Yesterday we had a new high for number of people in a guagua, 26 in a small guagua, that may be a new record. Today our guagua driver did a little offroading, in the states it would be considered driving on the shoulder, but they don't really have shoulders here, they have grass and a drainage system and there were several times with I thought we were going to either hit a car or spill into the drainage system. At one point I actually closed my eyes because I couldn't watch. One thing that's nice though, is the at the guagua drivers and the copratoras(the guy who collects money) recognize us and will leave the route and drop us off closer to where we pick up the F car. And they also stop traffic at noon to load us on the guagua. They yell out "Licey, Licey, Licey" we give them the head nod and then they wait for us.

An update for you on things seen on the back of motos (motorcycles/dirt bikes) 1)a toilet 2)a flock of turkeys(in a cage thingy) 3)large sack of potatoes.

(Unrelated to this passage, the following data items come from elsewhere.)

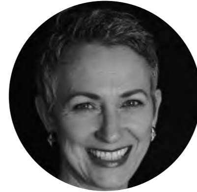
Dame Inga Beale CEO Lloyds of London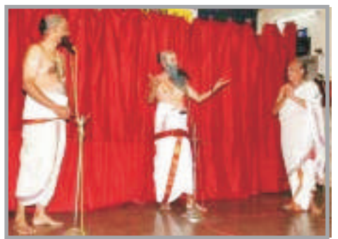
Yadavaprakasha conspiring with his shishyas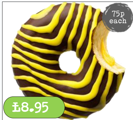
Queen V- x 12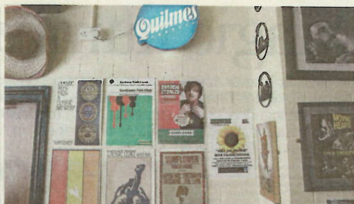
Sunflower Public House has become a great destination for arts lovers since its collaboration with the Cathedral Quarter Arts Festival, a worthy winner at the Allianz Arts & Business NI Awards.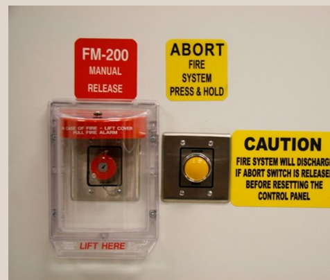
Clean agent manual release and abort switch

Today we went to a house to see a patient and as we were trying to figure out how to help break up his tone, Erin says "Just so you guys know, I think they are training a rooster for cock fighting outside." I didn't I'd ever hear someone say that. I'm really enjoying my clinical sight, we have to do a little more work with documentation and stuff, but it's great to see the different parts of the city. And when we go to a neighborhood and the little kids come out and yell "Americano, Americano." We call it Americans on parade, today I even hummed a little John Philip Sousa as we walked down the road.

Yesterday we actually split up to see some kids and my group was done first so we were waiting outside the clinic and soon drew a crowd of kids. Some of them were doing a little street luge on a homemade luge. I called it a TBI trap (traumatic brain injury, PT school has warped me). Because these kids are riding down a hill on a piece of wood on wheels with trucks, cars, and motos whizzing by them. Anyway we got tired of waiting and being stared at, so I busted out the burbujas (bubbles) and man those kids loved it, even the older kids. It was really fun to play with them and see that something a simple as bubbles could get the whole block excited.

Well I think that's about it for now, I'll try to put some more pictures up tomorrow. Thanks for the comments on the guestbook and emails. Talk to you later.